Share your dilemmas and get honest opinions from other Mumsnetters.

Aibu to expect relative to sleep on the sofa for a night

345 replies

Helpneededbyanoutsider · 17/12/2020 23:22

Hi, just want outsiders opinions. Obviously xmas is coming up and me and my bf, sister and her bf and mum and dad are meeting up as the 3 bubbles that are allowed.
We are meeting up at our parents house which is a 3 bed terrace house. 2 doubles, one single. I still live at home (I’m the youngest) and live in the second double (upgraded from the shoe box room when my sister moved out earlier this year), our parents in the other.
My sister hasn’t seen us a lot this year because of covid so we’re all excited to see her and her bf.

She has now made a fuss about not coming over because of not having her old room and the double bed in it (which i brought) to sleep on during her two night (max) stay. They live an hour and a half away -60 miles one way.

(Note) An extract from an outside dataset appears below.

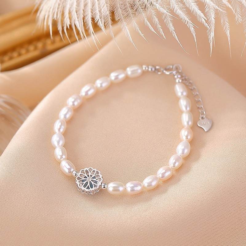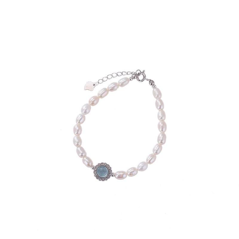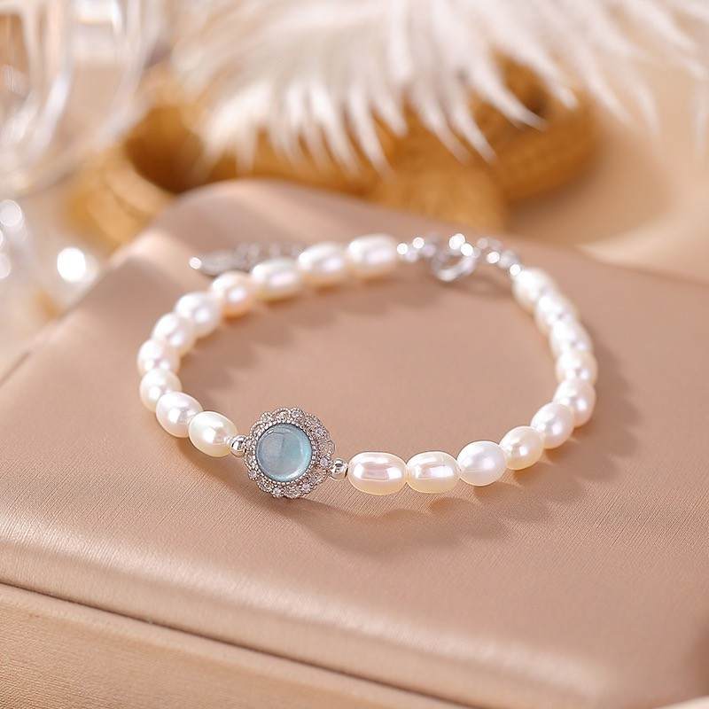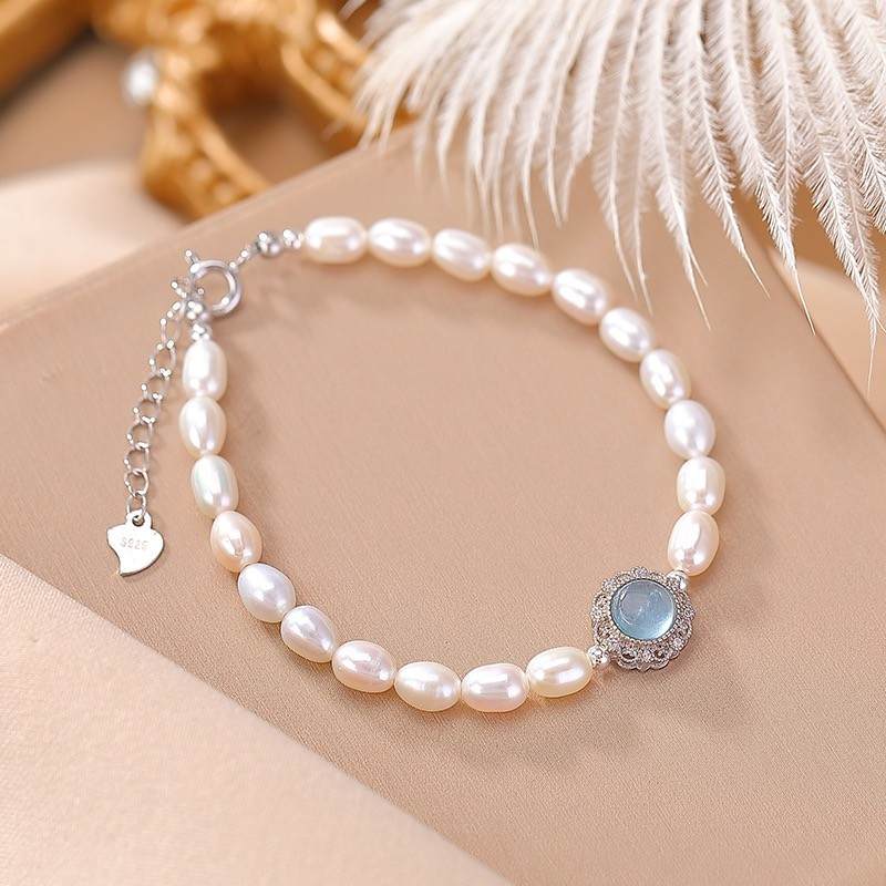 S925银天然淡水珍珠海蓝宝气质简约小清新手链

Is it to much to ask to bring their double air mattress and sleep downstairs for a night or two? Or just take the sofas.
How do other people solve issues of houses being too small to fit bfs/gfs/ extended family over?
I believe this is a bit of embarrassment as well- her bf has never been to our little house and grew up in a big house with his own en-suite and everything. She and her boyfriend are both uni educated as are his family- we aren’t.
I think she feels ashamed by her humble beginnings...

OP posts:
RedskyAtnight · 18/12/2020 20:35

What's a transmission chain? OP is within the rules.

Where A sees B who sees C who sees D who sees E .... Which means the virus can be passed from one to the other.

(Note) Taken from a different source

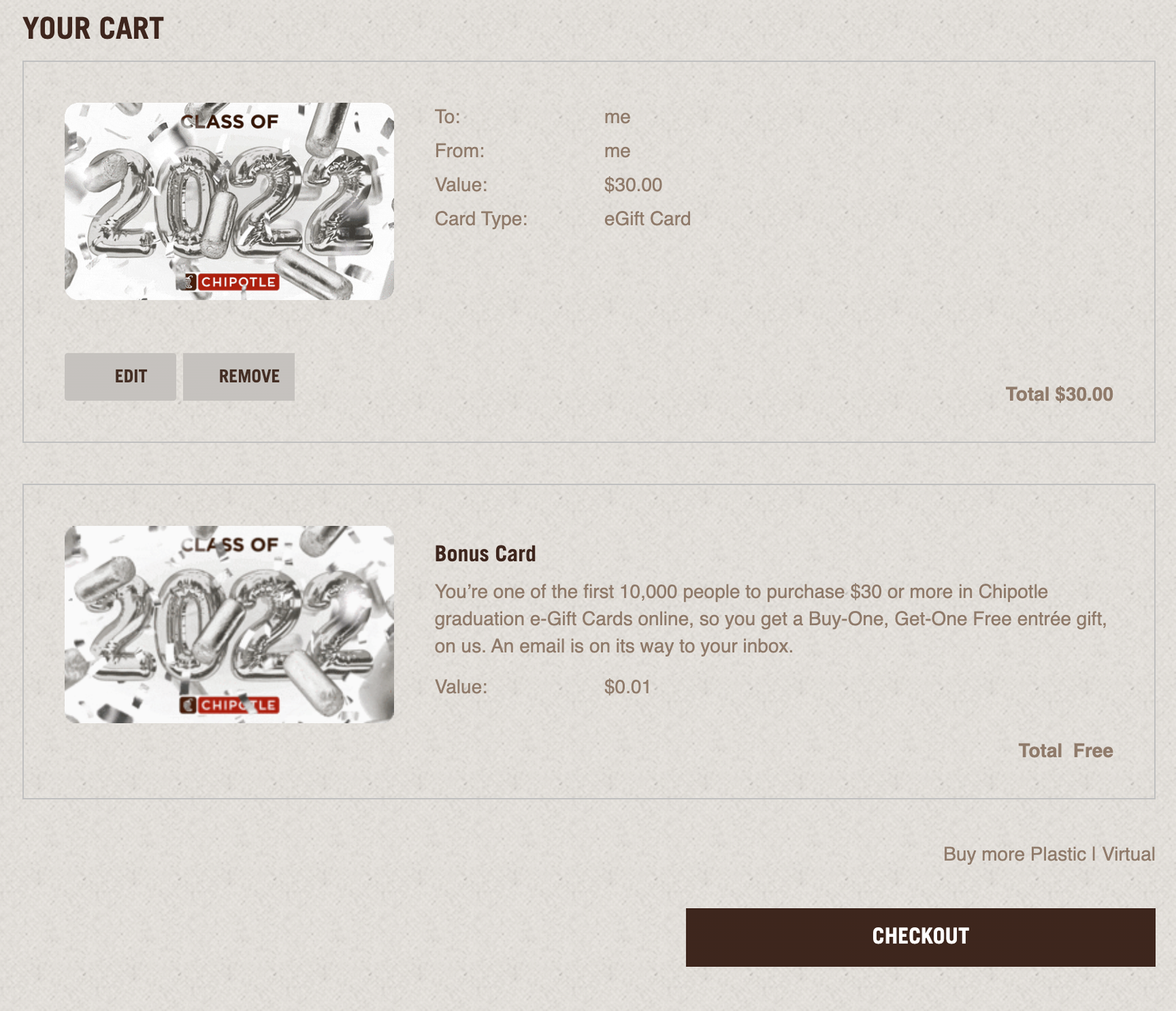 Follow these steps and on the checkout page, you'll see a Bonus Card added to your order (see image) with the language, "You’re one of the first 10,000 people to purchase $30 or more in Chipotle graduation e-Gift Cards online, so you get a Buy-One, Get-One Free entrée gift, on us. An email is on its way to your inbox."

OP is not within the rules. If you RTFT you'll find out that there's at least 5 or 6 households involved in her family's Christmas plans.

TheCanyon · 18/12/2020 21:05

I think it's weird as fuck that you don't accept that you're boyfriend presumably knows your parents well unlike your dsis bf who will no doubt feel awkward/nervous as hell and want a private escape place. You're full of excuses and you know it.

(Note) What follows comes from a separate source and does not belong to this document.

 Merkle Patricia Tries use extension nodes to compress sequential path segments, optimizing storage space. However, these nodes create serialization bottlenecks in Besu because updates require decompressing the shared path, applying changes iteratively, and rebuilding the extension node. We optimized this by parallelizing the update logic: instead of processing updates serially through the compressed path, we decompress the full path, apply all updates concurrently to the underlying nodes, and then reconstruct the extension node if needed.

BlueThistles · 18/12/2020 21:34

Why does 'not giving up your bed' equate to not liking your sibling.. there are some very weird responses on here and I think most of them are talking crap.. I bet none of them would give up their bed/bedroom.. for 5 days/nights... none of them.. Grin

Helpneededbyanoutsider · 18/12/2020 22:06

@RedskyAtnight

What's a transmission chain? OP is within the rules.

Where A sees B who sees C who sees D who sees E .... Which means the virus can be passed from one to the other.

OP is not within the rules. If you RTFT you'll find out that there's at least 5 or 6 households involved in her family's Christmas plans.

We’re not meeting this Xmas anymore because did of the sleeping situation and the 3 bubbles thing. Moving forward there’s always going to be this issue with her and her bf coming to stay...
OP posts:
Bibidy · 18/12/2020 22:10

@Helpneededbyanoutsider

I think tbh that if your parents want your sister to come and stay in the future she has now made it clear how she feels and so it's on them to rearrange the situation in the single room.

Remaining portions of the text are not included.